Melvin Williams

No. 96, 71
- Position: Defensive end

Personal information
- Born: February 2, 1979 (age 47) St. Louis, Missouri, U.S.
- Listed height: 6 ft 2 in (1.88 m)
- Listed weight: 269 lb (122 kg)

Career information
- High school: Mehlville (Mehlville, Missouri)
- College: Kansas State (1998–2002)
- NFL draft: 2003: 5th round, 155th overall pick

Career history
- New Orleans Saints (2003–2004); San Francisco 49ers (2004); Miami Dolphins (2004); Washington Redskins (2004–2005); New Orleans VooDoo (2007);

Awards and highlights
- Third-team All-Big 12 (2002);

Career NFL statistics
- Tackles: 16
- Fumble recoveries: 1
- Passes defended: 4
- Stats at Pro Football Reference
- Stats at ArenaFan.com

= Melvin Williams (American football) =

American football player (born 1979)

Melvin Williams (born February 2, 1979) is an American former professional football player who was a defensive end for two seasons in the National Football League (NFL) with the New Orleans Saints and San Francisco 49ers. He was selected by the Saints in the fifth round of the 2003 NFL draft after playing college football for the Kansas State Wildcats. Williams was also a member of the Miami Dolphins, Washington Redskins and New Orleans VooDoo.

==Early life==
Melvin Williams was born on February 2, 1979, in St. Louis, Missouri. He was a three-year letterman in both football and basketball at Mehlville High School in Mehlville, Missouri. As a junior in 1995, he recorded 68 solo tackles, 48 assisted tackles, and 11 sacks on defense while also catching nine touchdown passes as a tight end on offense. As a senior in 1996, Williams totaled 78 solo tackles, 16 sacks, five forced fumbles, three fumble recoveries, three interceptions, and 18 receptions for 400 yards and eight touchdowns. He earned first-team all-state honors his senior year. He averaged 19.2 points per game and 10.8 rebounds per game his junior season in basketball. He finished his basketball career as the school's all-time leading scorer.

==College career==
Williams originally signed to play college football for the Kansas State Wildcats of Kansas State University in 1997 but did not enroll until spring 1998. He was redshirted in 1998, and was a four-year letterman from 1999 to 2002. He earned Associated Press third-team All-Big 12 honors his senior year in 2002.

==Professional career==
Williams was selected by the New Orleans Saints in the fifth round, with the 155th overall pick, of the 2003 NFL draft. He signed with the Saints on June 16, 2003. He played in 14 games, starting two, for the Saints during his rookie year in 2003, recording six solo tackles, six assisted tackles, and one pass breakup. Williams was waived on October 4, 2004.
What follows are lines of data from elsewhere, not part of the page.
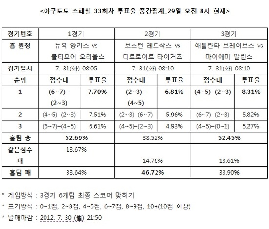 [야구토토] 국민체육진흥공단(www.kspo.or.kr)이 발행하는 체육진흥투표권 수탁사업자인 스포츠토토 공식 온라인 발매 사이트인 베트맨(www.betman.co.kr)이 오는 31일 열리는 미국프로야구(MLB) 3경기를 대상으로 한 야구토토 스페셜 33회차 투표율을 중간집계 한 결과, 국내 야구팬의 52.69%는 뉴욕 양키스-볼티모어 오리올스(1경기)전에서 홈팀 뉴욕 양키스의 승리를 내다봤다고 밝혔다.
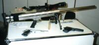 Im Vordergrund liegen zwei LAR "Grizzly"-Pistolen im Kaliber .50 AE.
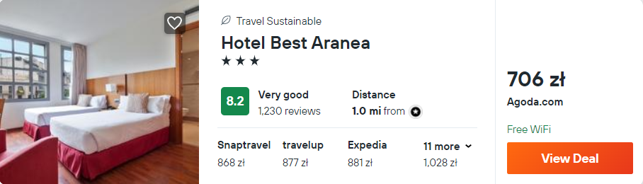 W stolicy Katalonii rekomenduję wam noclegi w 3* hotelu Best Aranea, który znajduje się w odległości 5 minut spacerem od kościoła Sagrada Familia. Wszystkie pokoje zostały wyposażone w klimatyzację oraz telewizor LCD. W łazience jest wanna z prysznicem i suszarka do włosów. Na terenie całego obiektu będziecie mieć zapewniony dostęp do sieci WiFi.
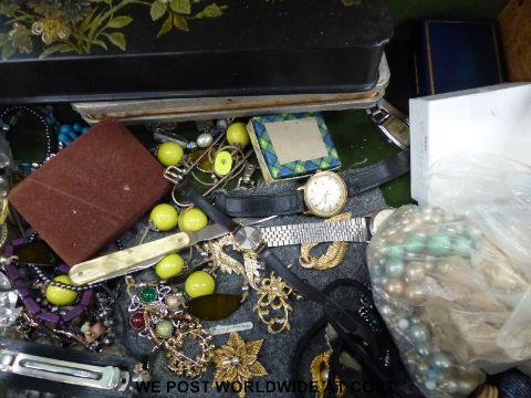 A large quantity of costume jewellery to include a faux pearl, faux pearl necklaces, brooches etc
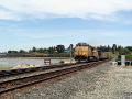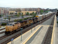 The DPU on UP 6840 West, UP 5539, just comes into view as Amtrak 6 races by on the other main. |
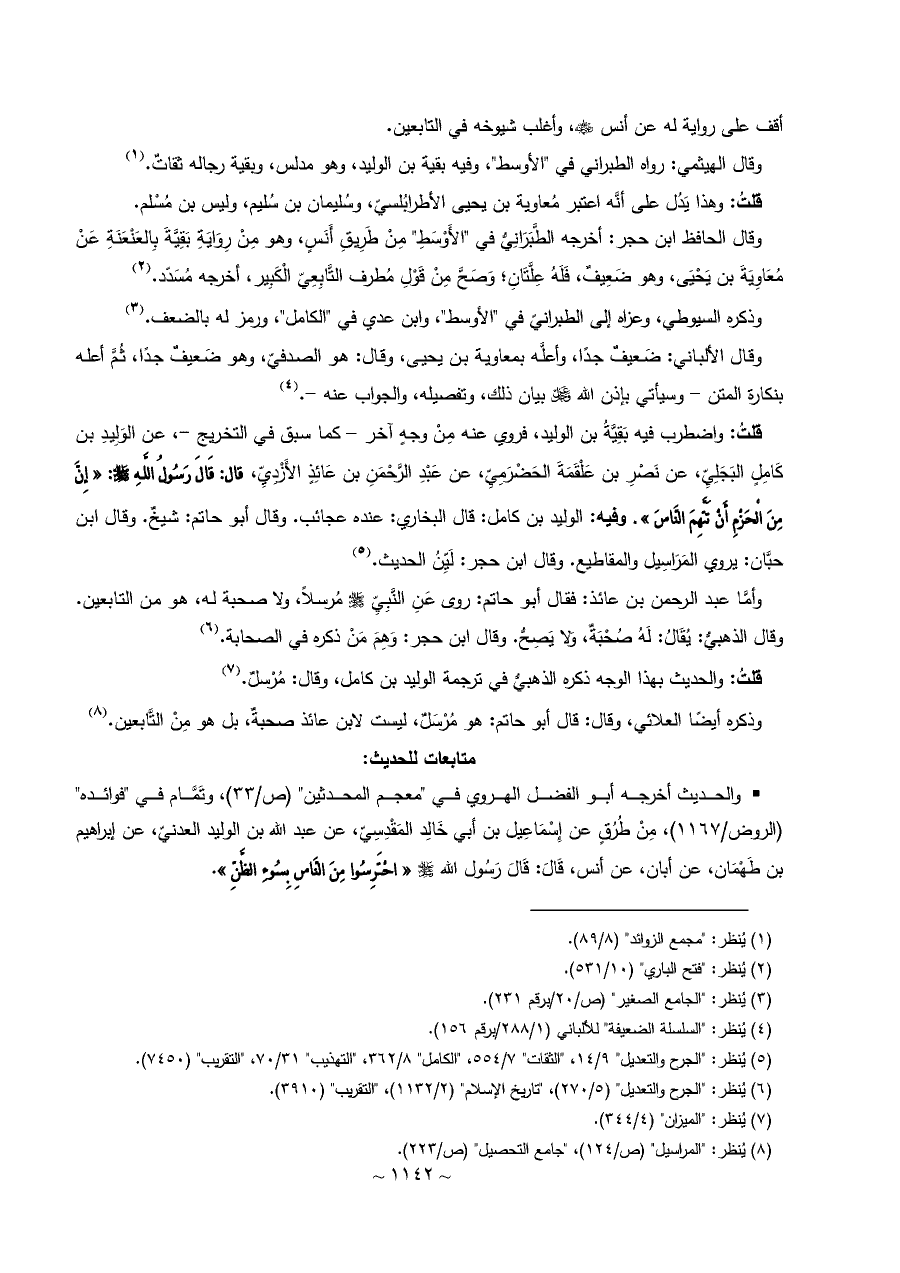 قلتُ: واضطرب فيه بَقِيَّةُ بن الوليد، فروي عنه مِنْ وجهٍ آخر - كما سبق في التخريج -، عن الوَلِيدِ بن كَامِلٍ البَجَلِيِّ، عن نَصْرِ بن عَلْقَمَةَ الحَضْرَمِيِّ، عن عَبْدِ الرَّحْمَنِ بن عَائِذٍ الأَزْدِيِّ، قال: قَالَ رَسُولُ اللَّهِ - صلى الله عليه وسلم -: «إِنَّ مِنَ الْحَزْمِ أَنْ تَتَّهِمَ النَّاسَ». وفيه: الوليد بن كامل: قال البخاري: عنده عجائب. وقال أبو حاتم: شيخٌ. وقال ابن حبَّان: يروي المَرَاسِيل والمقاطيع. وقال ابن حجر: لَيِّنُ الحديث. (¬٥)

Williams was claimed off waivers by the San Francisco 49ers on October 5, 2004. He was waived on October 19, re-signed on November 3, and waived again on November 13, 2004. Overall, he played in three games for the 49ers during the 2004 season, totaling three solo tackles, one assisted tackle, and three pass breakups.
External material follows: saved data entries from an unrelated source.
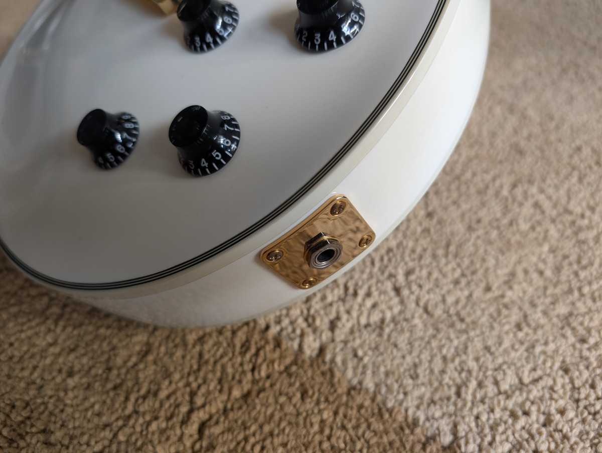 - Placa del jack metálica en dorado. La original era negra de plástico y se agrietó a los pocos años.
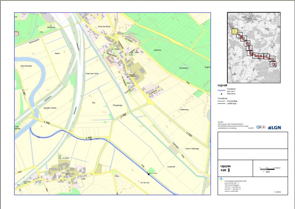 Mit der Übersichtsfunktion blendet sich das gesamte Projektgebiet mit den einzelnen Gewässern ein und es lässt sich ein konkretes Gewässer auswählen. In der Map-Ansicht lassen sich individuelle Lagepläne erstellen und verwalten. Neben den inhaltlichen Elementen ist auch eine Gestaltung von Legenden und Stempelfeldern möglich. |
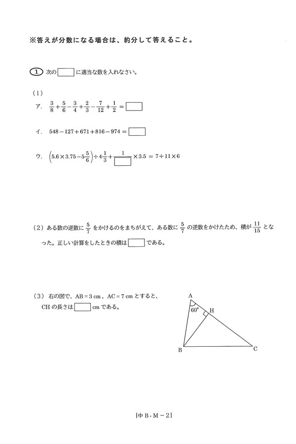 令和7年度入試過去問題(中期B・M入試)[1/6]
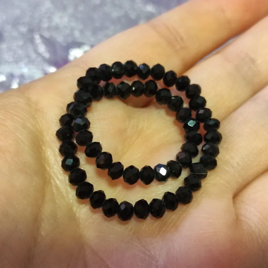 Действительно маленькие круглые бусины, обсидиан, я думаю, это действительно. Диаметр довольно большой для меня (Моя костная структура узкая), поэтому я рекомендую для тех, у кого средние запястья.
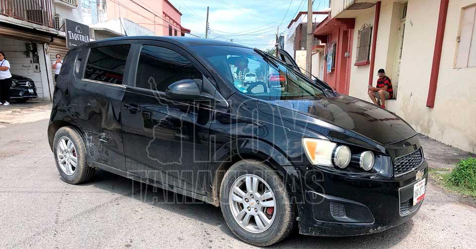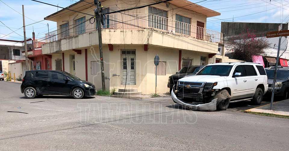 Ciudad Victoria, Tamaulipas. – Un accidente vial en la zona centro de esta capital, se registró esta tarde, luego de que una camioneta tipo Tahoe, blindada, impactara a un vehículo compacto marca Sonic.
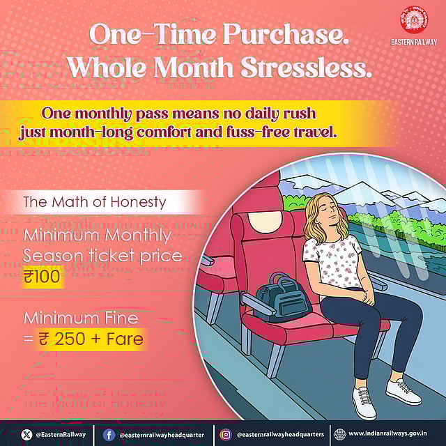 मासिक टिकट सस्ता, जुर्माना महंगा : प्रशासन ने आंकड़ों के जरिए समझाया कि नियमित यात्री के लिए मासिक सीजन टिकट (MST) लेना अधिक लाभकारी है। सियालदह–नैहाटी या हावड़ा–बंडेल सेक्शन के लिए मासिक सीजन टिकट की कीमत केवल 185 रुपये है, जिससे पूरे महीने असीमित यात्रा की जा सकती है। इसके विपरीत, यदि कोई यात्री बिना टिकट पकड़ा जाता है तो उसे न्यूनतम 260 रुपये (किराया व जुर्माना सहित) का दंड देना पड़ता है। यानी एक बार की गलती का जुर्माना पूरे महीने के वैध सफर से भी अधिक है।
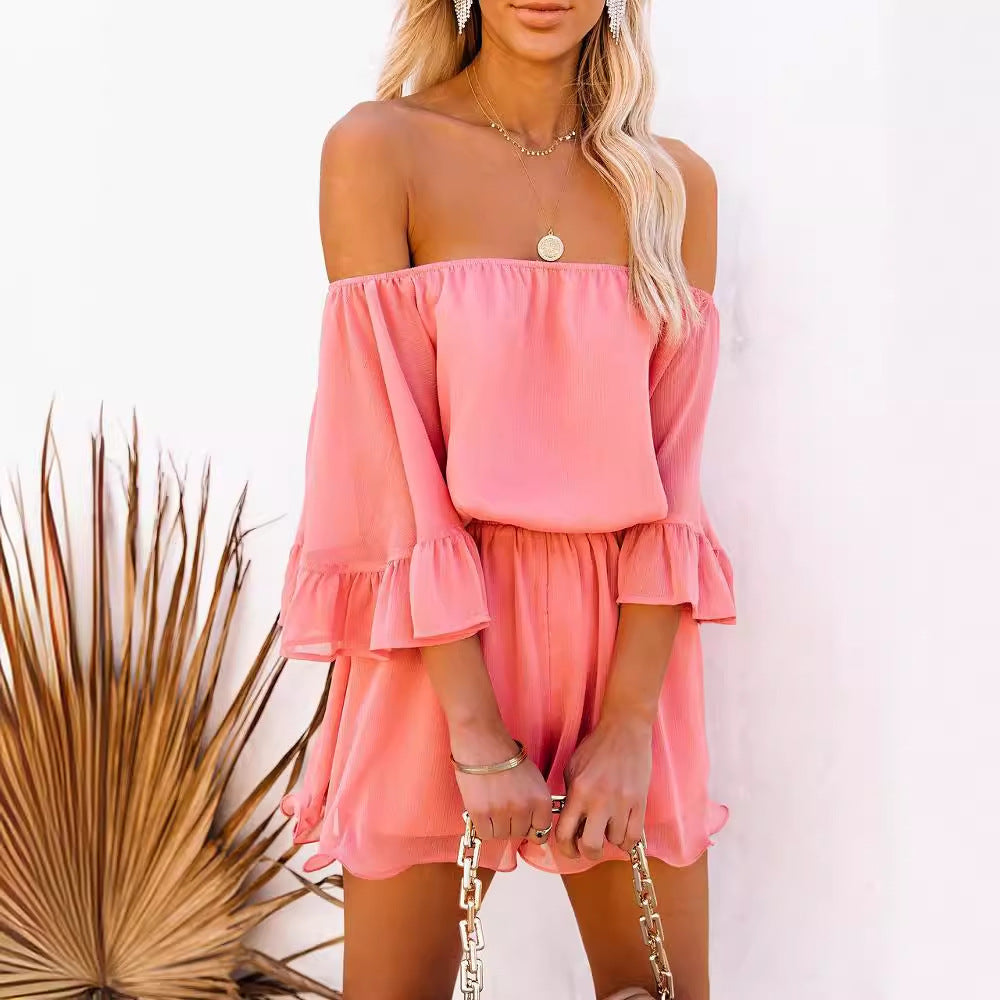 Effortlessly chic! This Women's Off-Shoulder Romper - Flowy Sleeves - Elastic Waist - Lightweight Casual Wear combines style & comfort. Perfect for warm days, its off-shoulder design and flowy sleeves create a relaxed vibe while the elastic waist flatters your figure. A must-have for your casual wardrobe!

Williams was claimed off waivers by the Miami Dolphins on November 15, 2004. He was soon released on November 23, 2004, before appearing in any games.

Williams signed with the Washington Redskins on December 29, 2004, but was released two days later. He re-signed with the Redskins on January 3, 2005. He was placed on injured reserve on August 18, 2005, and spent the entire season there. Williams became a free agent after the 2005 season.

Williams was signed by the New Orleans VooDoo of the Arena Football League on January 9, 2007. He was placed on injured reserve on
February 16. He was activated on March 30, 2007. Williams played in nine games for the VooDoo during the 2007 season, recording five solo tackles, one assisted tackle, one forced fumble, three fumble recoveries, and one blocked kick.

==Personal life==
Williams' brother, Turelle, also played football at Kansas State.